Work to complete: Your output must be the lines below from the line containing "Make sure to" to the line containing "Mais 43 CV c'est", both lines included, reproduced exactly and without pictures.

━━━━━ Records to use

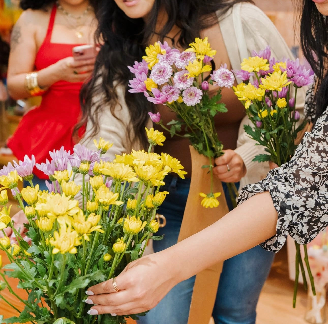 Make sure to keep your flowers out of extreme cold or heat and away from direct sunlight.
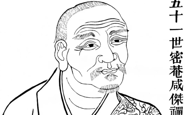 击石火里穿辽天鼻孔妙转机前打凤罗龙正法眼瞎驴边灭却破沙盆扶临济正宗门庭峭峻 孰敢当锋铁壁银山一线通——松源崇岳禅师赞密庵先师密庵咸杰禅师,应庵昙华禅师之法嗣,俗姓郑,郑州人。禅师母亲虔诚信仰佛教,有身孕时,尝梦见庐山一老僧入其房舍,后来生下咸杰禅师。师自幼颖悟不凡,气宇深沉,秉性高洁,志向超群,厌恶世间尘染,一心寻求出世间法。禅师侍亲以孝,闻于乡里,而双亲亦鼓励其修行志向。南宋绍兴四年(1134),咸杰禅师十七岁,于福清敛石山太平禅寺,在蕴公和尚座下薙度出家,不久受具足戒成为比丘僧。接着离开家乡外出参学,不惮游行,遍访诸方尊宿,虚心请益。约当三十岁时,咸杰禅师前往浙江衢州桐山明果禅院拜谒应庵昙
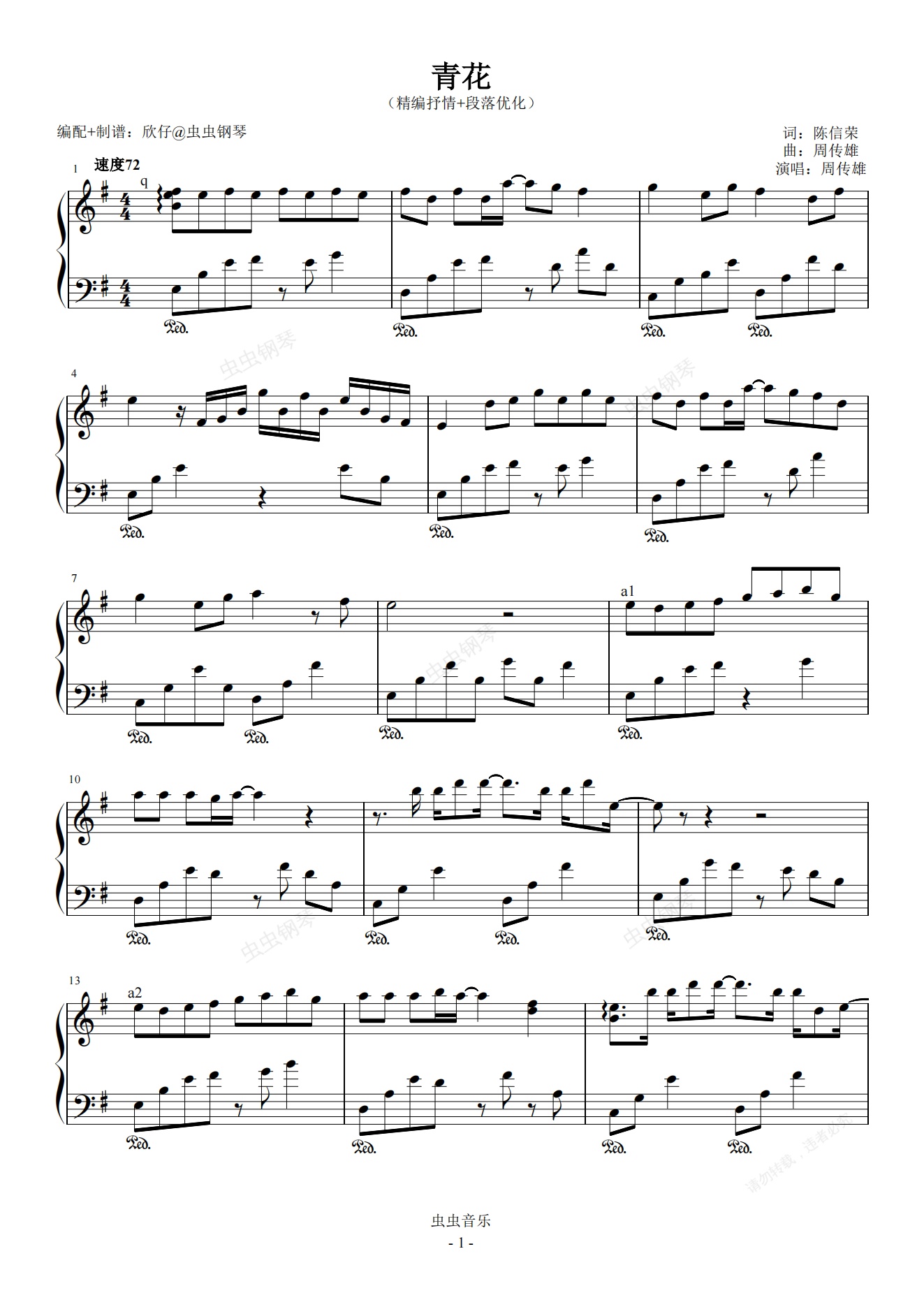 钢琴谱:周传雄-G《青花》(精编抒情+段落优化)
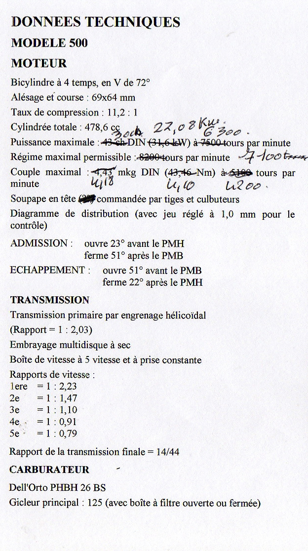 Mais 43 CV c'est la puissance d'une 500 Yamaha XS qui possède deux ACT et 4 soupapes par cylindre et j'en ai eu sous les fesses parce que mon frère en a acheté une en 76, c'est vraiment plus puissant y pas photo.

━━━━━━━━━━
━━━━━ Records to use

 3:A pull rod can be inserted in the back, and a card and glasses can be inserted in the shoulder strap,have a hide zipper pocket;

━━━━━━━━━━

Task result:
 Make sure to keep your flowers out of extreme cold or heat and away from direct sunlight.
 击石火里穿辽天鼻孔妙转机前打凤罗龙正法眼瞎驴边灭却破沙盆扶临济正宗门庭峭峻 孰敢当锋铁壁银山一线通——松源崇岳禅师赞密庵先师密庵咸杰禅师,应庵昙华禅师之法嗣,俗姓郑,郑州人。禅师母亲虔诚信仰佛教,有身孕时,尝梦见庐山一老僧入其房舍,后来生下咸杰禅师。师自幼颖悟不凡,气宇深沉,秉性高洁,志向超群,厌恶世间尘染,一心寻求出世间法。禅师侍亲以孝,闻于乡里,而双亲亦鼓励其修行志向。南宋绍兴四年(1134),咸杰禅师十七岁,于福清敛石山太平禅寺,在蕴公和尚座下薙度出家,不久受具足戒成为比丘僧。接着离开家乡外出参学,不惮游行,遍访诸方尊宿,虚心请益。约当三十岁时,咸杰禅师前往浙江衢州桐山明果禅院拜谒应庵昙
 钢琴谱:周传雄-G《青花》(精编抒情+段落优化)
 Mais 43 CV c'est la puissance d'une 500 Yamaha XS qui possède deux ACT et 4 soupapes par cylindre et j'en ai eu sous les fesses parce que mon frère en a acheté une en 76, c'est vraiment plus puissant y pas photo.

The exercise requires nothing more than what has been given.